Mecanismos de modulação do influxo de Ca2+ pela ativação do RyR em artérias mesentéricas de humanos e murinos

Detalhes bibliográficos
Ano de defesa: 2018
Autor(a) principal: Daniela Cibeli Guimaraes Garcia Lustosa
Orientador(a): Não Informado pela instituição
Banca de defesa: Não Informado pela instituição
Tipo de documento: Tese
Tipo de acesso: Acesso aberto
Idioma: por
Instituição de defesa: Universidade Federal de Minas Gerais
Brasil
ICB - INSTITUTO DE CIÊNCIAS BIOLOGICAS
Programa de Pós-Graduação em Ciências Biológicas - Fisiologia e Farmacologia
UFMG
Programa de Pós-Graduação: Não Informado pela instituição
Departamento: Não Informado pela instituição
País: Não Informado pela instituição
Palavras-chave em Português:
Link de acesso: http://hdl.handle.net/1843/59197
Resumo: Mechanisms involved in the excitation-contraction coupling of vascular smooth muscle (VSM) represent a complex interaction between plasma membrane (PM) and sarcoplasmic reticulum (SR).

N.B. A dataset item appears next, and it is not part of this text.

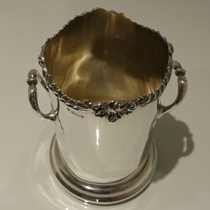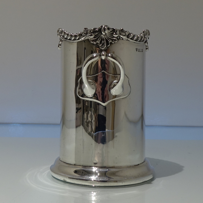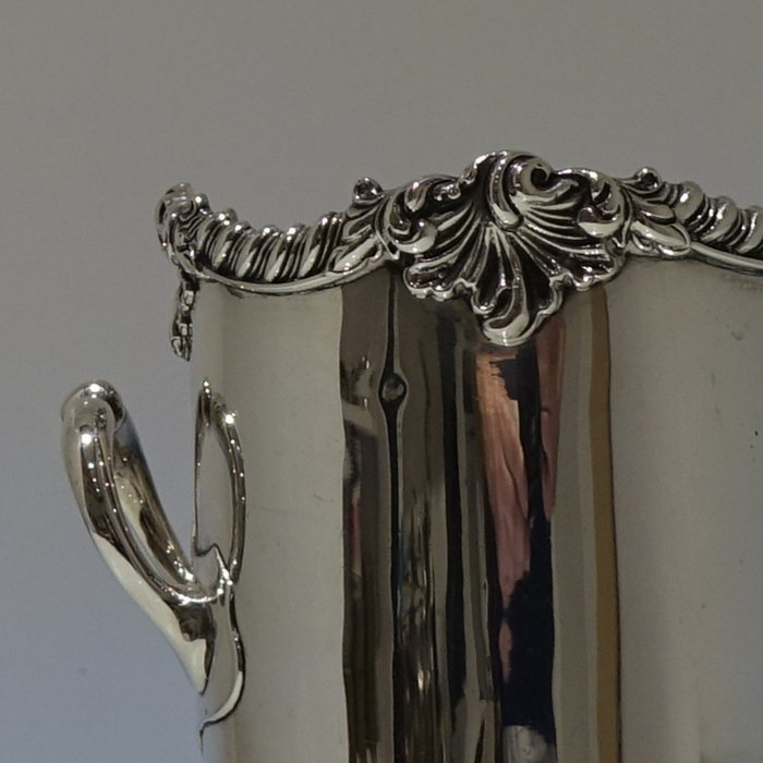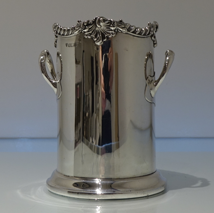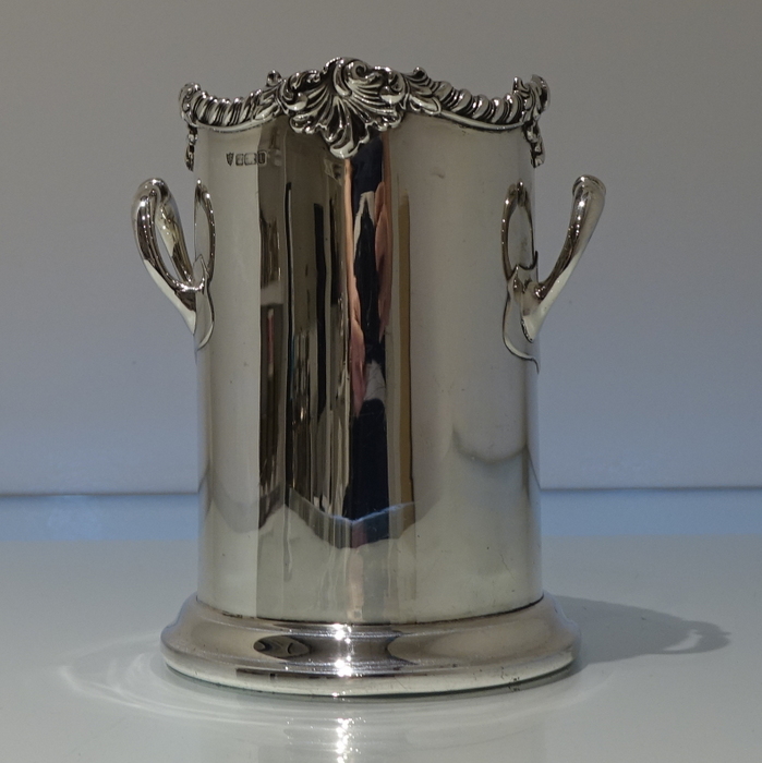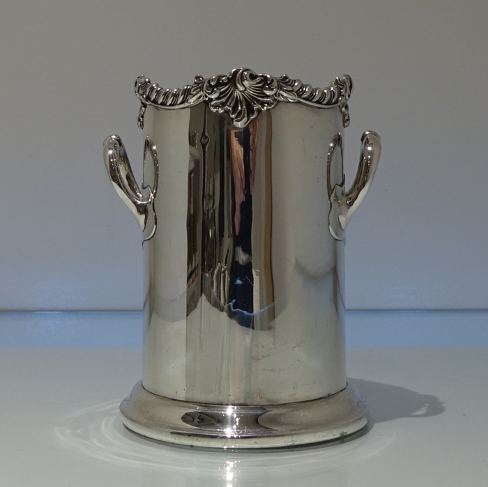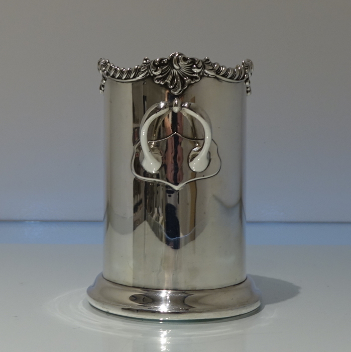 An elegant Edwardian silver siphon/wine holder cylindrical in design with elegant gadroon and shell shaped border for highlights. There are two stylish handles elegantly attached to plain formed body.

The present work investigated the PM-SR interaction involved in the contraction induced by the activation of ryanodine receptors (RyRs) in mesenteric arteries from mice and humans, normotensive and hypertensive. In vessels from normotensive mice the contraction induced by caffeine (10 mM) is partially dependent on Ca2+-influx, once in Ca2+-free solution and in the presence of SKF-96365 (30 μM), an Orai blocker, occurred reduction of contraction and Ca2+-fluorescence level. Surprisingly, blocking Cav1.2 with nifedipine (10 μM), the contraction is increased while the Ca2+-fluorescence level is reduced. Similar results were observed after blocking TRP channels with ruthenium red (RuR; 10 μM) and 2-aminoethoxydiphenyl borate (2-APB; 10 μM). Moreover, the blockage of BKCa with paxillin (1 μM) promotes increased transient contraction. Caffeine promotes hyperpolarization of VSM, which was blocked in the presence of nifedipine, 2-APB, and paxillin. In hypertensive mice the blockage of Cav1.2 and BKCa in hypertensive mice does not alter the contractile response, indicating loss of the negative feedback of the contraction. In the presence of arterial hypertension, the feedback between Cav1.2-BKCa is also impaired in humans. The present work demonstrates that the feedback between Cav1.2-BKCa is essential in mesenteric arteries. Our results indicate a new mechanism for the control of VSM contraction that may be useful for the treatment of arterial hypertension.